WHAT IS NEEDED:
Only the pictures should be dropped; copy the rest of the entries exactly.

EXCERPTED DATA:
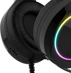 spersonalizuj swój zestaw eleganckim efektem RGB na nausznikach, który podkreśli atmosferę podczas gry.
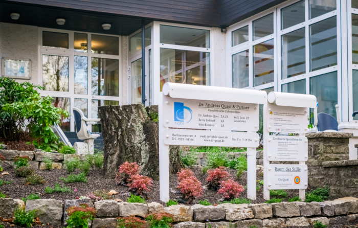 In Ruhe und entspannter Atmosphäre bei Ihrem Zahnarzt. Dafür haben wir unsere Praxis warm und wohnlich eingerichtet. Künstlerische Akzente bestimmen das Erscheinungsbild. Das Praxisgebäude befindet sich in einem großen, idyllischen Garten, im Herzen von Schildesche , dem malerischen Vorort von Bielefeld. Von fast allen Behandlungszimmern haben Sie einen Blick „ins Grüne“.
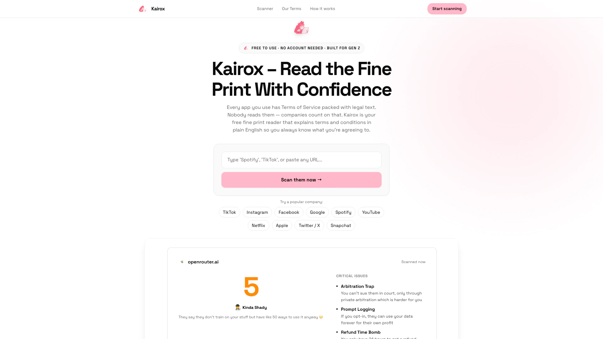 - 無料で使用可能: Kairoxはサービスを完全に無料で提供し、ユーザーが金銭的な負担なしに利用規約をスキャンできるようにしています。
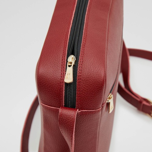 Sac Berta, sac à bandoulière, format carré, en cuir gravé bordeaux.
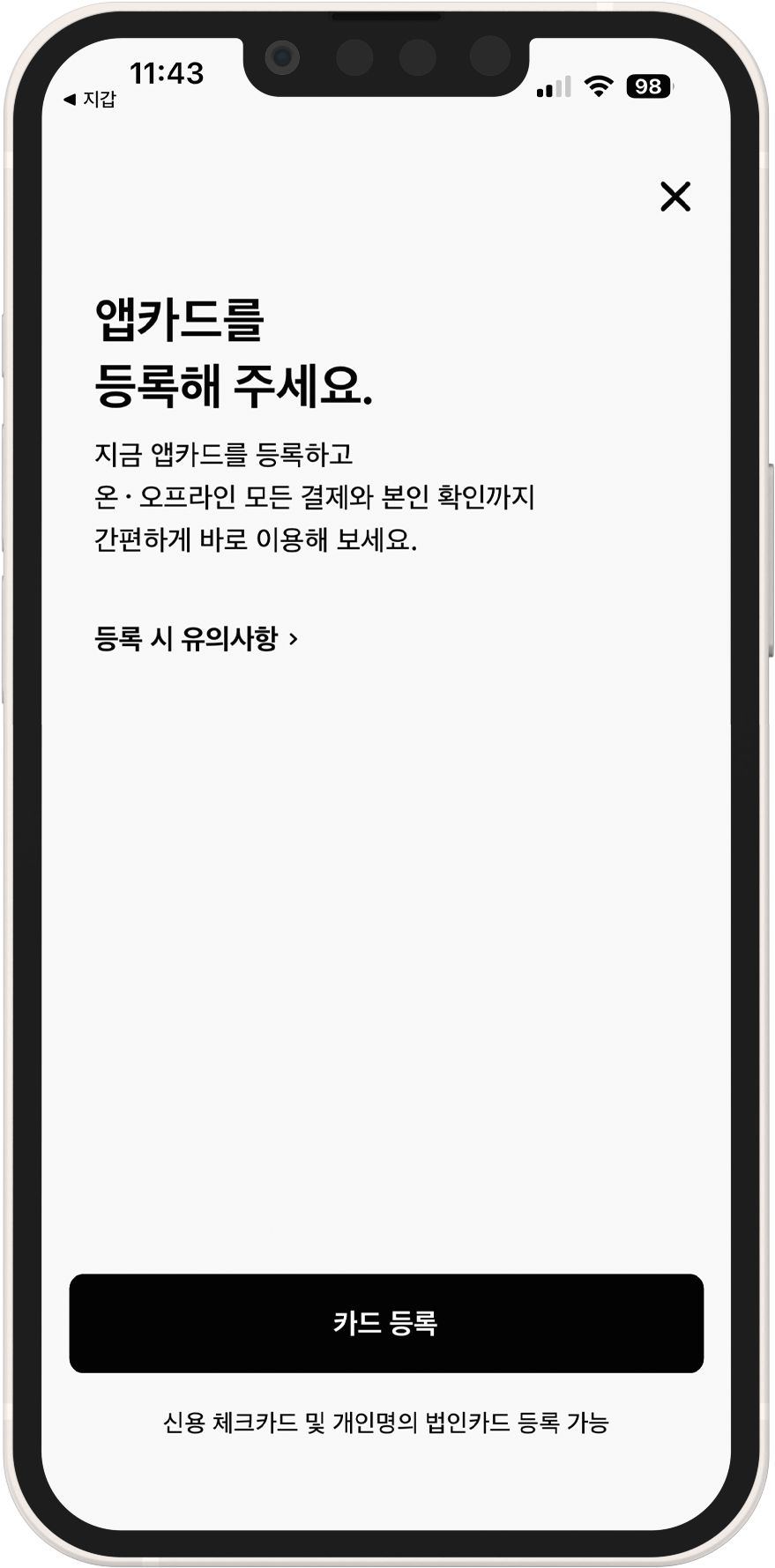 아직은 현대카드만 등록 가능 (신용카드, 체크카드 모두 가능)
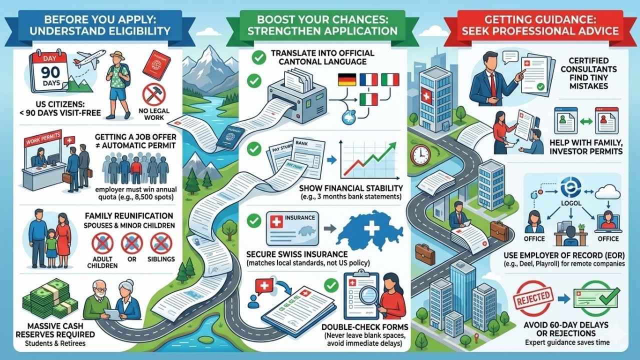 The State Secretariat for Migration does a final, rigorous check on every single application. A US citizen cannot just arrive in Zurich and start working. You need to land a job first, then pass checks at both the cantonal and federal levels.
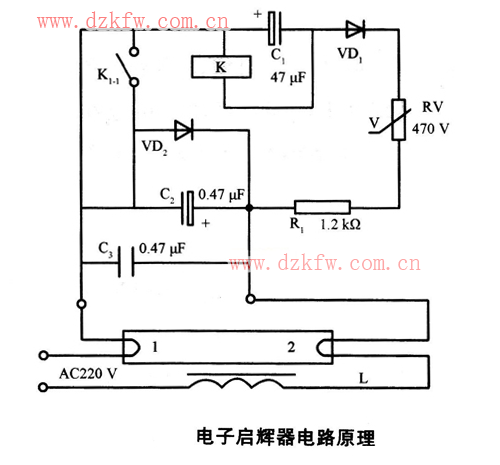 如图为电子启辉器电路原理图。当接通220V电源时,电流经灯管灯丝1、继电器的Κ线圈、二极管VD1、压敏电阻RV、电阻R1、灯丝2、镇流器L,与电源形成回路,灯丝被预热。预热期间,接通的Κ的常开触点K1-1和VD2串联的支路完全分流掉了VD1充电支路的电流,使K的线圈靠C1存储的电压维持触点闭合。由于C1经线圈充放电,C1的端电压逐步由上升转至下降,下降到约为吸合电压的一半左右时,触点K1-1断开,L的自感电压和电源电压串联加在两组灯丝间,管内低压水银蒸气产生辉光放电,日光灯被点燃。灯管点燃后,灯管端电压低于90V,压敏电阻RV呈断路状态,触点保持断开,日光灯正常运行。灯丝预热时间长短,由C1上的充电电压6V放电到3V所用的时间决定,故与C1容量、Κ线圈的电阻有关。灯丝预热时间长短9会严重影响灯管的使用寿命。
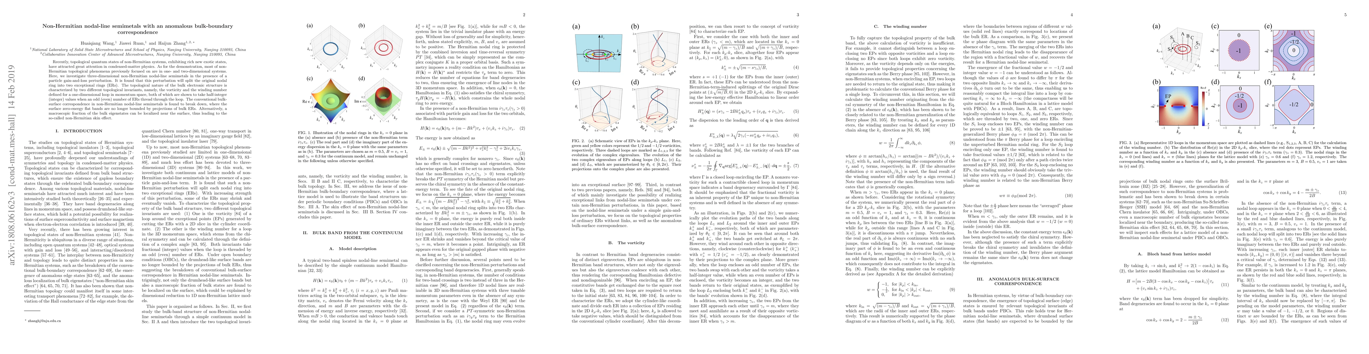 This paper explores three-dimensional non-Hermitian nodal-line semimetals with a particle gain-and-loss perturbation, revealing the splitting of nodal rings into exceptional rings and the breakdown of conventional bulk-surface correspondence, leading to the non-Hermitian skin effect. The topological invariants vorticity and winding number exhibit half-integer values based on the number of exceptional rings threading through a loop in momentum space.

WRITTEN SOLUTION:
 spersonalizuj swój zestaw eleganckim efektem RGB na nausznikach, który podkreśli atmosferę podczas gry.
 In Ruhe und entspannter Atmosphäre bei Ihrem Zahnarzt. Dafür haben wir unsere Praxis warm und wohnlich eingerichtet. Künstlerische Akzente bestimmen das Erscheinungsbild. Das Praxisgebäude befindet sich in einem großen, idyllischen Garten, im Herzen von Schildesche , dem malerischen Vorort von Bielefeld. Von fast allen Behandlungszimmern haben Sie einen Blick „ins Grüne“.
 - 無料で使用可能: Kairoxはサービスを完全に無料で提供し、ユーザーが金銭的な負担なしに利用規約をスキャンできるようにしています。
 Sac Berta, sac à bandoulière, format carré, en cuir gravé bordeaux.
 아직은 현대카드만 등록 가능 (신용카드, 체크카드 모두 가능)
 The State Secretariat for Migration does a final, rigorous check on every single application. A US citizen cannot just arrive in Zurich and start working. You need to land a job first, then pass checks at both the cantonal and federal levels.
 如图为电子启辉器电路原理图。当接通220V电源时,电流经灯管灯丝1、继电器的Κ线圈、二极管VD1、压敏电阻RV、电阻R1、灯丝2、镇流器L,与电源形成回路,灯丝被预热。预热期间,接通的Κ的常开触点K1-1和VD2串联的支路完全分流掉了VD1充电支路的电流,使K的线圈靠C1存储的电压维持触点闭合。由于C1经线圈充放电,C1的端电压逐步由上升转至下降,下降到约为吸合电压的一半左右时,触点K1-1断开,L的自感电压和电源电压串联加在两组灯丝间,管内低压水银蒸气产生辉光放电,日光灯被点燃。灯管点燃后,灯管端电压低于90V,压敏电阻RV呈断路状态,触点保持断开,日光灯正常运行。灯丝预热时间长短,由C1上的充电电压6V放电到3V所用的时间决定,故与C1容量、Κ线圈的电阻有关。灯丝预热时间长短9会严重影响灯管的使用寿命。
 This paper explores three-dimensional non-Hermitian nodal-line semimetals with a particle gain-and-loss perturbation, revealing the splitting of nodal rings into exceptional rings and the breakdown of conventional bulk-surface correspondence, leading to the non-Hermitian skin effect. The topological invariants vorticity and winding number exhibit half-integer values based on the number of exceptional rings threading through a loop in momentum space.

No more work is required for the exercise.